Assigned task
Every line between the top of the data below and the line with "- Бежевые рулонные шторы", both ends included, must be retyped exactly.

Stored entries
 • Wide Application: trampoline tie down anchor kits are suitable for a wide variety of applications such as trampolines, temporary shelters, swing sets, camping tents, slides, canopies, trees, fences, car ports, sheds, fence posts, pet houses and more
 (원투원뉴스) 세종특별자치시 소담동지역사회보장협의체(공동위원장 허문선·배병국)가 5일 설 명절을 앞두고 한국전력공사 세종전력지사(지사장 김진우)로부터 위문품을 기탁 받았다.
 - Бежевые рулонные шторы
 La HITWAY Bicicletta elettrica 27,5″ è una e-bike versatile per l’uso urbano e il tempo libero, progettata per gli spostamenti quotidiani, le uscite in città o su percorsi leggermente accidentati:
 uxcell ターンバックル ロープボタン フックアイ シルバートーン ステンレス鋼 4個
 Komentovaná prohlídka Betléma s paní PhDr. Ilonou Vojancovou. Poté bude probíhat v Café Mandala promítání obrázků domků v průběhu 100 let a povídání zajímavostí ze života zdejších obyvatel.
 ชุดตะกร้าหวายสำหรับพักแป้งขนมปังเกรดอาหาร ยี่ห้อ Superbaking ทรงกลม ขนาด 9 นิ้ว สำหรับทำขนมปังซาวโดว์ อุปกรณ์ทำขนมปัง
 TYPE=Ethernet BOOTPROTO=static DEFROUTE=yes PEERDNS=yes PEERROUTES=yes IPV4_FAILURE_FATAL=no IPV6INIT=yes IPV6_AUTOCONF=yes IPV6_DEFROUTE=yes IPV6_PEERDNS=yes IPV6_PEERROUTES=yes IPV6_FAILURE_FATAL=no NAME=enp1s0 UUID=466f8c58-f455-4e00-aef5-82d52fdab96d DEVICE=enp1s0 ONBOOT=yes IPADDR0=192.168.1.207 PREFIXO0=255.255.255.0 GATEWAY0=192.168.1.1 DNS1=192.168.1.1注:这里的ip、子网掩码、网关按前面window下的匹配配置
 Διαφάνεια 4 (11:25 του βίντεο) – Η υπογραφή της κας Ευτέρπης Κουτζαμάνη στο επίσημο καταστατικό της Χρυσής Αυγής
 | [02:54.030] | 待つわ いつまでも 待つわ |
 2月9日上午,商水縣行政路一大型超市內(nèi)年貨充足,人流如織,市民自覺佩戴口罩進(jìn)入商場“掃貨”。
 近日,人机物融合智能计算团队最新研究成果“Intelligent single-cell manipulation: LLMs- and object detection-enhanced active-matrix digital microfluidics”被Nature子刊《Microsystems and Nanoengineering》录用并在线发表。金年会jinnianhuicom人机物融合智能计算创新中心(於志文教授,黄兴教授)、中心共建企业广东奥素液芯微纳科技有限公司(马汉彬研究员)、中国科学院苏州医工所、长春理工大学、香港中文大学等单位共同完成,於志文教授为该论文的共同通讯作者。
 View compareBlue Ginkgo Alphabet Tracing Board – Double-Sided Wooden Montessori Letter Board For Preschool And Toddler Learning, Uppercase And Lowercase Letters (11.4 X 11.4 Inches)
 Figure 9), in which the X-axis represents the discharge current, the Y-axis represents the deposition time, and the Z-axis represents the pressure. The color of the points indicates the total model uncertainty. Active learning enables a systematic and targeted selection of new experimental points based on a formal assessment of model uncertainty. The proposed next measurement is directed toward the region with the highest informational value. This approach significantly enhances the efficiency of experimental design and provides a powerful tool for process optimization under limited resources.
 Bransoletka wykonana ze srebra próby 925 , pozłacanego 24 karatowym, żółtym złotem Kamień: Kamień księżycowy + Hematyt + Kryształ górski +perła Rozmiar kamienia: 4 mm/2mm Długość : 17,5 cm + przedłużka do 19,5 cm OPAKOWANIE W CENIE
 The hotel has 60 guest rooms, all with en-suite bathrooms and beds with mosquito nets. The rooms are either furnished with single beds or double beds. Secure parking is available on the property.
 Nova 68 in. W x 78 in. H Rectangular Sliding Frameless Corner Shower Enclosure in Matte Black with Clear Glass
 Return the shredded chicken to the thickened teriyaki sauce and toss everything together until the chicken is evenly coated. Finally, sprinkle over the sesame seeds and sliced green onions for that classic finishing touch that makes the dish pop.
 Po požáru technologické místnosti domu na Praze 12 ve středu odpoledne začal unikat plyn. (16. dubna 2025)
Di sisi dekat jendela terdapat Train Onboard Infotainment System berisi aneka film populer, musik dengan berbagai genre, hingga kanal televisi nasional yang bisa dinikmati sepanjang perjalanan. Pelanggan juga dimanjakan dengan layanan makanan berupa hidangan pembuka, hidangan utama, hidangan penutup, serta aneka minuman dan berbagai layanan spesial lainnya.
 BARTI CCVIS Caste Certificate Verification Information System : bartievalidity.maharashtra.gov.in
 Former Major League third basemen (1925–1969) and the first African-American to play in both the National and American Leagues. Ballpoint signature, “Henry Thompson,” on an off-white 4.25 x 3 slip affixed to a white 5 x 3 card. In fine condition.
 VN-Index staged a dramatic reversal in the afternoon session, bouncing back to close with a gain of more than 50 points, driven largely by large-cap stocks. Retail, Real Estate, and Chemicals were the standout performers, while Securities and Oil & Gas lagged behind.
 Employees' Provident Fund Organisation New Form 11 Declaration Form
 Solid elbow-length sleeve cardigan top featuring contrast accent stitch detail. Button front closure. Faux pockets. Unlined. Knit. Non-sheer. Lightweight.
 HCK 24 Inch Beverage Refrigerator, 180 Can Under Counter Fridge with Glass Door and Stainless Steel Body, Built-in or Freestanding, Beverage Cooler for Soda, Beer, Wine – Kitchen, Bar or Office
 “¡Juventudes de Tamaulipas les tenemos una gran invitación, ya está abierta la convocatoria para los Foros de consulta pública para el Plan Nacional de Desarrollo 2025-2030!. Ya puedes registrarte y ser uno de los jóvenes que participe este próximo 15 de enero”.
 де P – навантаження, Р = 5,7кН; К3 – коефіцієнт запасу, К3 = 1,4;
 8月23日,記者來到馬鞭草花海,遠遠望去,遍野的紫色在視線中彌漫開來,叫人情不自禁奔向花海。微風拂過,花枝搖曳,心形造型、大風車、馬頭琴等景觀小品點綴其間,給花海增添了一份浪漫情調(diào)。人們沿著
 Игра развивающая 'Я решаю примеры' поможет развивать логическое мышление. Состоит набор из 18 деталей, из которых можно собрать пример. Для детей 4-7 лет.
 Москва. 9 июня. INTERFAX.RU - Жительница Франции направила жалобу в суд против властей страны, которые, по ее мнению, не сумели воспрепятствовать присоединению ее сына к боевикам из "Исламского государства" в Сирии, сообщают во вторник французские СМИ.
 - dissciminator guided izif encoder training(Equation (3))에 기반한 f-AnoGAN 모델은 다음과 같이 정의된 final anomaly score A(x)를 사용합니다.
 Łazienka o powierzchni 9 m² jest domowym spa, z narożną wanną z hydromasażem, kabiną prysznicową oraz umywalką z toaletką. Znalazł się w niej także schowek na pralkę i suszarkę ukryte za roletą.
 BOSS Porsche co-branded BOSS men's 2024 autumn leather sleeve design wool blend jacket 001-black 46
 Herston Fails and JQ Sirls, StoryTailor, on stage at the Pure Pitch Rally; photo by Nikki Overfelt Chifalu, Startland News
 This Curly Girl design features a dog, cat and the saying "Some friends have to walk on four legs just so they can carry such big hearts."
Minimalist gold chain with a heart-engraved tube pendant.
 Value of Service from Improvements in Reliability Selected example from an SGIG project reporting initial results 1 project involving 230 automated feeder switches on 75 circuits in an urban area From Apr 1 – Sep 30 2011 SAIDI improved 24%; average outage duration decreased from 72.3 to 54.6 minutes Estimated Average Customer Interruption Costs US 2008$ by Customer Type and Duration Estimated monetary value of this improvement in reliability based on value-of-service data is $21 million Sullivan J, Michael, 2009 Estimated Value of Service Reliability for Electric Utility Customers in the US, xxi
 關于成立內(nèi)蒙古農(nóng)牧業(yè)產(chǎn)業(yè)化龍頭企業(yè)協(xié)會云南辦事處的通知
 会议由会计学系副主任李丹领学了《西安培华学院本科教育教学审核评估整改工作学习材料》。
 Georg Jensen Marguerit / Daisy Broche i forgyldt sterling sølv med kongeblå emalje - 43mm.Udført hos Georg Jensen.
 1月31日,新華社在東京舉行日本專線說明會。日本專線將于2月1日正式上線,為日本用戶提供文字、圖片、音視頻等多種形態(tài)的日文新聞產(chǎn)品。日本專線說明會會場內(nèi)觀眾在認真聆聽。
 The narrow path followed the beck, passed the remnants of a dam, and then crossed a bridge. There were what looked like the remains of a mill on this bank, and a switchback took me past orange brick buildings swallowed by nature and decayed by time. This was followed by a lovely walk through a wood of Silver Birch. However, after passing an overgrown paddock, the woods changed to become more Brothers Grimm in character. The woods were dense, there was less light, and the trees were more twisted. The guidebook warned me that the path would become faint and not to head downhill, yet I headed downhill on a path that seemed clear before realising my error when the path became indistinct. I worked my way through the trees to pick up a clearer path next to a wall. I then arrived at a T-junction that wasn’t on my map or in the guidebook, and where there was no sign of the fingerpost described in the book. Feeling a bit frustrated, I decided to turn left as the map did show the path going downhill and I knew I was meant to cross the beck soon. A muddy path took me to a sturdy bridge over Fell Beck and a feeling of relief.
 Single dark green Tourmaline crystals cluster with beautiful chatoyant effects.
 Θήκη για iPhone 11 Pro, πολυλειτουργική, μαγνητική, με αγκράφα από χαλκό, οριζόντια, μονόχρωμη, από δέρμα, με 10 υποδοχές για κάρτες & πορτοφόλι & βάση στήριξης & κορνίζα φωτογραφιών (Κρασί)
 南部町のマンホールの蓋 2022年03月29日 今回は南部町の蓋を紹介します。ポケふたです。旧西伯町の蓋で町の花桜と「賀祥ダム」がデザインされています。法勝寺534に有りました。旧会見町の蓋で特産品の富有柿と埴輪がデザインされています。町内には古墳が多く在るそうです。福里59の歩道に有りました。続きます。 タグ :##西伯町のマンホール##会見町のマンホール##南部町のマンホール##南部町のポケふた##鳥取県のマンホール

Solved exercise
 • Wide Application: trampoline tie down anchor kits are suitable for a wide variety of applications such as trampolines, temporary shelters, swing sets, camping tents, slides, canopies, trees, fences, car ports, sheds, fence posts, pet houses and more
 (원투원뉴스) 세종특별자치시 소담동지역사회보장협의체(공동위원장 허문선·배병국)가 5일 설 명절을 앞두고 한국전력공사 세종전력지사(지사장 김진우)로부터 위문품을 기탁 받았다.
 - Бежевые рулонные шторы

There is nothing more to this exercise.